The roumes are few, but fair and large; the entrie and stair-caice extremely ill-placed, neither is the outward forme modish, being built all in lenth in forme of a church.

In 1726 James Somerville, 13th Lord Somerville (1698–1765), commissioned the present house at The Drum from the architect William Adam. The new house incorporates the ground floor of the 16th-century mansion in its west wing. A matching east wing was planned but never built. The pediment over the entrance bears the arms of Lord Somerville and his first wife, while over the fireplace inside the Somerville arms are shown with those of his second wife, indicating the date of the interior as after 1736.

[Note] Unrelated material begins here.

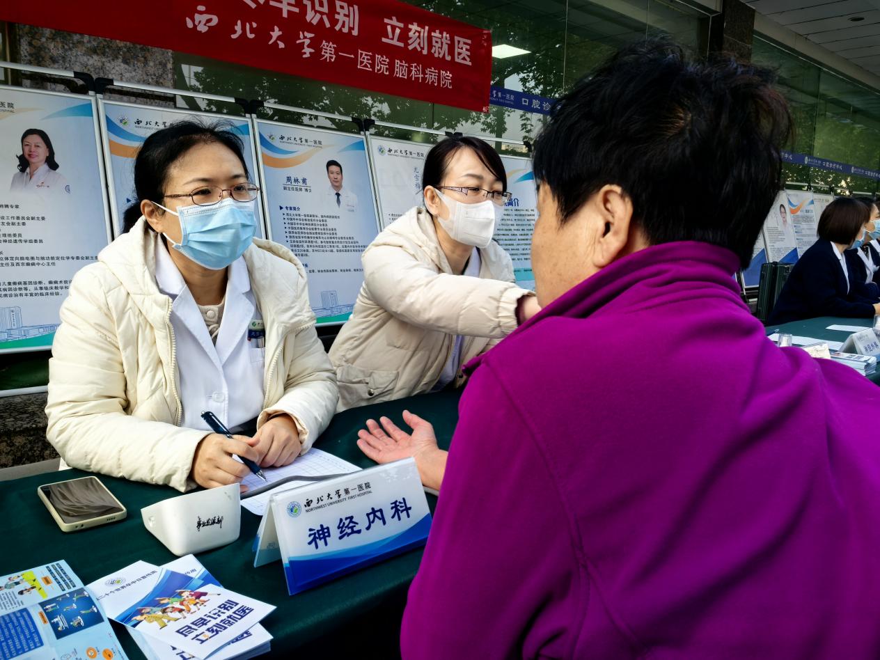 义诊现场,一支覆盖脑卒中诊疗全流程的义诊专家团成为最大亮点——西北大学第一医院脑科病院整合神经内科、神经外科、康复医学科、心身科核心力量,同时携手急诊医学科、超声医学科、医学影像科等关键科室专家共同坐诊。不同于常规义诊,专家们通过“深度科普+精准指导”,从市民最易察觉的口角歪斜、肢体无力等典型症状入手,结合真实病例,生动讲解脑卒中的早期识别要点,让原本晦涩的医学知识变得通俗易懂;针对高血压、高血脂、糖尿病等脑卒中高危因素,细致拆解筛查方法,根据问诊群众的年龄、基础病状况量身定制控制方案。

The Palladian design of the façade has been criticised for its "slightly muddled use of classical elements", with a central Venetian window and rusticated pilasters on the first floor apparently unsupported by any similar structure on the ground floor. The interior is decorated with "magnificent stucco work". The curved double stair leading to the main entrance was added in 1782. William Adam also laid out new parks around the house, including avenues focused on several buildings and monuments, few of which survive. From 1756 the Edinburgh Mercat Cross was located at The Drum, following its removal from the High Street, until its restoration in 1866. A replica is now located by the stables.

The estate was broken up in the early years of the 19th century, with the house purchased in 1862 by John More Nisbett, who also purchased much of the original grounds. His second son Hamilton More Nisbett (1868–1955) trained as an architect under John Kinross, and inherited The Drum on his older brother's death in 1939. His architectural practice was afterwards based at The Drum, and he published a history of the house. The Drum is still owned and occupied by the More Nisbett family.

The Drum is a category A listed building. The parks are included on the Inventory of Gardens and Designed Landscapes in Scotland, the national listing of significant gardens, and are described as a "good example of William Adam's formal style of landscape design carried out in the 1700s with the structure still relatively intact today".

Edinburgh's original mercat cross (market cross) was relocated from the Royal Mile to the grounds of Drum House in 1756 (a replica was later placed close to St Giles Cathedral during the 19th century).